Ride safe everyone. (Wish I could)

When I R/R my dog bone, it looked good. I even had a spare. When I put the screw driver to the screw and turned, the dogbone LITERALLY BECAME DUST!! The only solid parts were the eyelets for the screw, under the screw head. I couldn't find enough of the dogbone on the ground to preserve!
It is good you are going to check the specific gravity because that tells the real condition of your battery.
It is good to hear the jumper IS for testing only. So many folks will consider themselves done, ride, then get stranded somewhere, blaming the designers and not the 'fix'.
Fuse wise - we have all heard the horor stories about replacing a fuse with a larger one because the smaller one keeps blowing. Paper clips, foil, even a .22 has been used to replace a fuse. And my understanding is, the .22 became so hot, it did explode, and the lead was found in the passengers leg.
We just want to be safe out there.

Good Luck.
enjoying the view from the saddle....... due mainly to the people and information found within this site
Reply
#6 07-25-2013, 07:54 AM,
Well, the problem has had a favourable solution.

Wingandaprayer. Thanks for the cheer up. And you were right. Someone with real knowledge did respond. A few, actually.

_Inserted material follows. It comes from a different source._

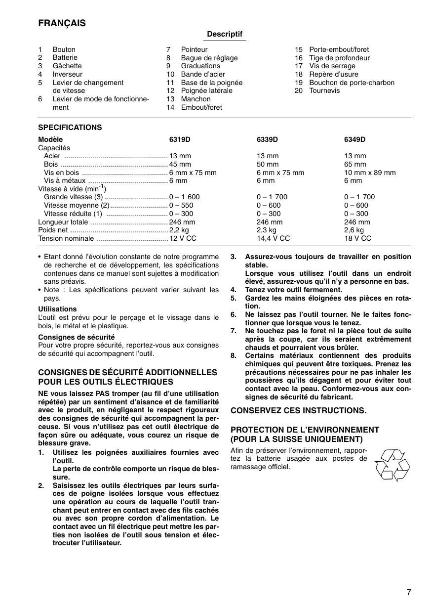FRANÇAIS Descriptif 1 Bouton 7 Pointeur 15. Porte-embout/foret 2 Batterie 8 Bague de réglage 16 Tige de profondeur 3 Gâchette 9 Graduations 17 Vis de serrage 4 Inverseur 10 Bande d'acier 18 Repère d'usure 5 Levier de changement 11. Base de la poignée 19 Bouchon de porte-charbon de vitesse 12. Poignée latérale 20 Tournevis 6 Levier de mode de fonctionne- 13 Manchon ment 14 Emboutoret SPECIFICATIONS Modèle 6319D Capacités Acier 13 mm Bois Vis en bois . Vis à métaux Vitesse à vide (min!) Grande vitesse (3) Vitesse moyenne (2) Vitesse réduite (1) Longueur totale Poids net . Tension nominale 45 mm 6 mm x 75 mm 6mm 0-1 600 -0-550 -0- 300 246 mm 2,2 kg .12VCC 6339D 6349D 13mm 13mm 50 mm 65 mm 6 mm x 75 mm 10 mm x 89 mm 6mm 6mm 0-1 700 0-1 700

Bs175dths. Thanks for your input. The battery tested good several ways, but I didn’t have a hydrometer, so I never got to check that. But the battery has been replaced. After the circuit fault was repaired, what we did was swap it out with Sir Tricky’s & the bike cranked right over. I now have a new Odyssey. I did recheck the fuse spec, and you were right, it was 10A. That’s been rectified. The dogbone is fine, but I am going to do the conversion.

Thanks Neoracer. We checked those wires and connections.

So in the end it was the patient and methodical working through the connections by our Goldwing Guru, Sir Tricky. His mastery with the schematic and his experience prevailed. The fault was a broken connector in the circuit mentioned by Neoracer. We were able to salvage a used connector from Sir Tricky’s vast stockpile of spare parts and the problem is solved. Many many thanks to Sir Tricky. I am in your debt.

Thanks everyone who responded! www.gl1200goldwings.com ROCKS!